Pictures aside, the output must consist of the lines from the one containing "要知道,特斯拉今年 3 月份受到上海疫情影响,工厂停工,4" through the end of the data, reproduced exactly.

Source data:
--

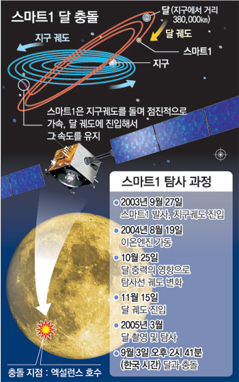 유럽우주국(ESA)은 유럽의 달 탐사선인 ‘스마트(SMART)1’이 이날 달 남반구의 ‘엑설런스 호수’에 충돌한다고 1일 밝혔다. 충돌 지점은 지름 약 161km의 거대한 분화구 안에 있는 평탄한 지형이다.
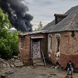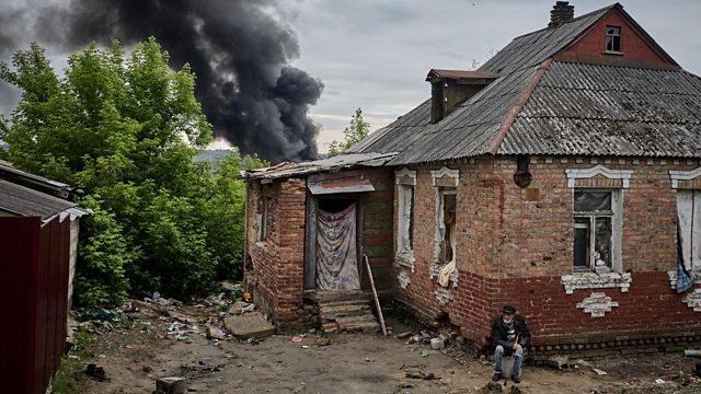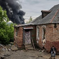 (Picture: A man sits near his damaged home as smoke rises after shelling on the outskirts of Kharkiv on May 17, 2024. Credit: SERGEY KOZLOV/EPA-EFE/REX/Shutterstock)
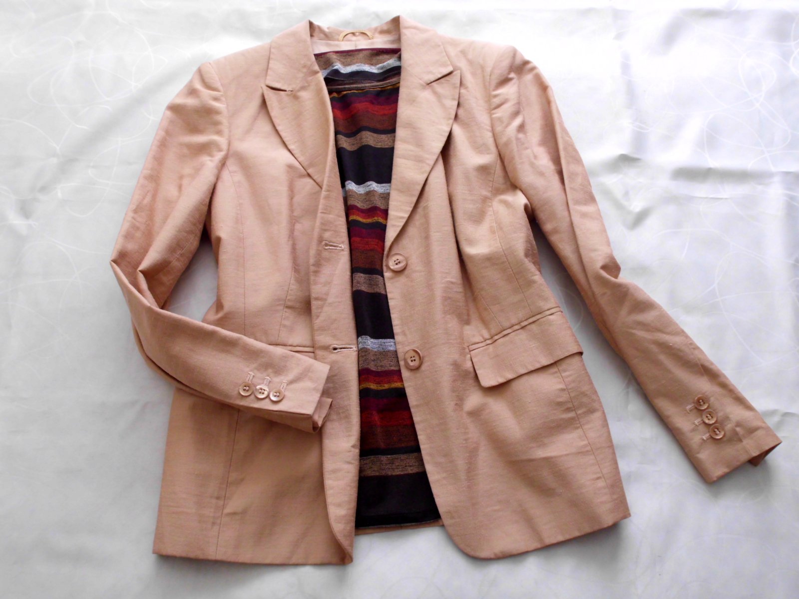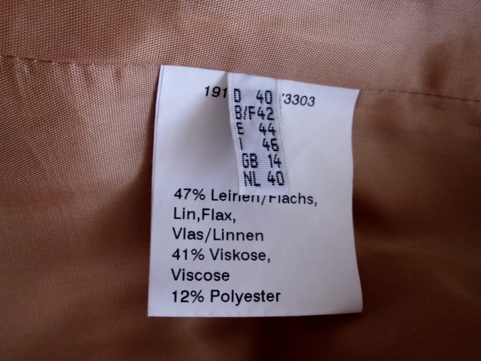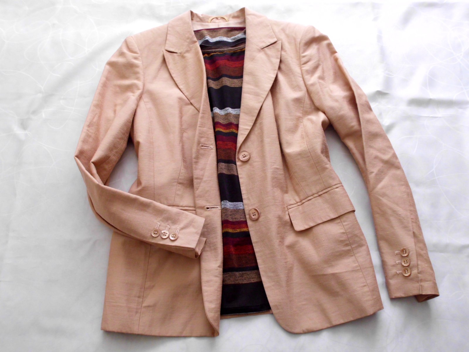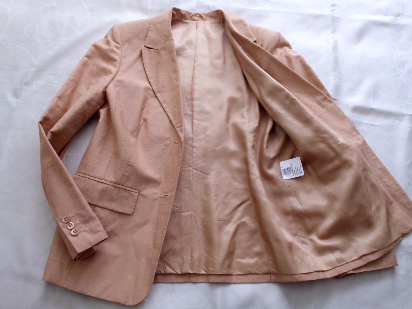 Predám dámske kvalitné sako s ľanom vel. M-L , dĺžka 66 cm, šírka 49 cm, rukáv 61 cm, celé podšité podšívkou , príjemný materiál , 2 vonkajšie vrecká , pekná bledohnedá do zlata farba , 2x krát oblečené, 100% stav
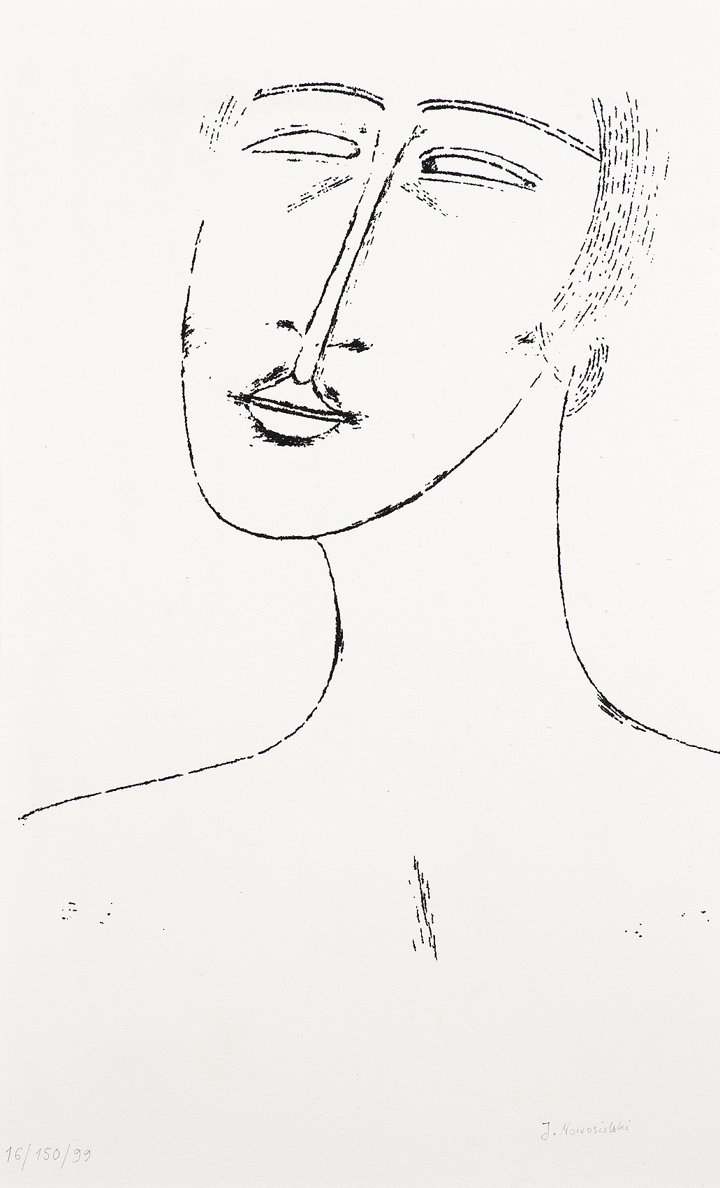 Jerzy Nowosielski (Kraków 1923 - Kraków 2011) w 1940 zaczął studia w Kunstgewerbeschule w Krakowie. W 1942 przebywał przez niecały rok w Ławrze św. Jana Chrzciciela pod Lwowem. Studiował tam sztukę malowania i historię ikon. Po powrocie do Krakowa w 1943 nawiązał ponowne kontakty z kręgiem przyszłej Grupy Krakowskiej. Po wojnie kontynuował studia w ASP w Krakowie pod kierunkiem prof. Eugeniusza Eibischa (1945-1947). Na I Wystawie Sztuki Nowoczesnej w Krakowie w 1948/49 pokazał obrazy utrzymane w nurcie abstrakcji geometrycznej. W latach socrealizmu nie wystawiał, zajmując się w tym czasie scenografią oraz malowaniem cerkwi i kościołów. W 1955 w Łodzi zaprezentował swą pierwszą wystawę indywidualną, w 1956 wziął udział w XXVIII Biennale w Wenecji. W latach 1957-1962 był pedagogiem w Państwowej Wyższej Szkole Sztuk Plastycznych w Łodzi, następnie w Akademii krakowskiej, gdzie wykładał na Wydziale Malarstwa do przejścia na emeryturę w 1993. W drugiej połowie lat 50. osiągnął charakterystyczny styl aktów, pejzaży i scen figuralnych we wnętrzach, który zawdzięczał swej fascynacji ikoną i doświadczeniom z malarstwem sakralnym. W 1976 podjął na nowo realizacje monumentalne, wykonując m.in. malowidła ścienne, stacje Drogi Krzyżowej i projekty witraży w kościele Opatrzności Bożej w Wesołej pod Warszawą (1976-1979). Artysta powszechnie uznawany był za autorytet w dziedzinie sztuki zakorzenionej w wartościach duchowych.
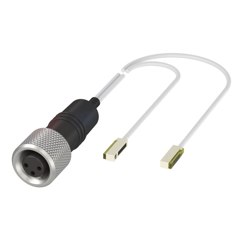 Tête de capteur optique, Série: R002, Dimensions: 2,4 x 1,5 x 7 mm, Interface: pour amplificateur-relais, Principe de fonctionnement: Tête de capteur optique, Principe de fonctionnement optique: Barrage optique unidirectionnel, Caractéristique faisceau: divergent, Type de lumière: LED à infrarouge, Taille du spot lumineux: Ø 30 mm, Portée: 0 m...800 mm, Raccordement A: Câble avec connecteur, connecteur M8x1, femelle, 3 pôles, 1 m, PFA, Matériau du boîtier: LCP, Nature Fibre optique en résine époxy, Face sensible, matériau: Époxy, Fixation: Bornes, Collage, Plus petite pièce typ.: 0.1 mm, Homologation / conformité: CE, UKCA, WEEE
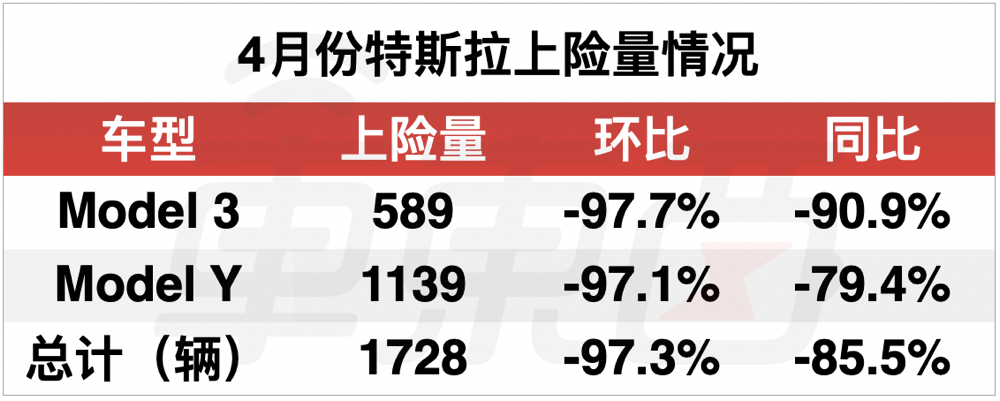 要知道,特斯拉今年 3 月份受到上海疫情影响,工厂停工,4 月的交付量非常惨淡,最畅销的车型 Model Y 的上险量为 1139 辆,环比下降了 97.1%,同比下降 79.4%,下降幅度非常明显。而另一款车 Model 3 的情况就更惨了,上险量仅有 589 辆,环比和同比下降幅度都超过 90%。
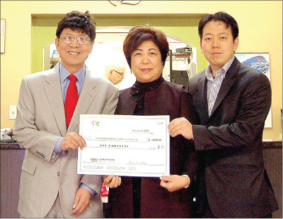 차기 하원드카운티한인회 장현주 회장(가운데)이 김상태 위원장(왼쪽)과 박수철 간사(오른쪽)에게 1,000달러를 기부하고 있다.

--

Result of the exercise:
 要知道,特斯拉今年 3 月份受到上海疫情影响,工厂停工,4 月的交付量非常惨淡,最畅销的车型 Model Y 的上险量为 1139 辆,环比下降了 97.1%,同比下降 79.4%,下降幅度非常明显。而另一款车 Model 3 的情况就更惨了,上险量仅有 589 辆,环比和同比下降幅度都超过 90%。
 차기 하원드카운티한인회 장현주 회장(가운데)이 김상태 위원장(왼쪽)과 박수철 간사(오른쪽)에게 1,000달러를 기부하고 있다.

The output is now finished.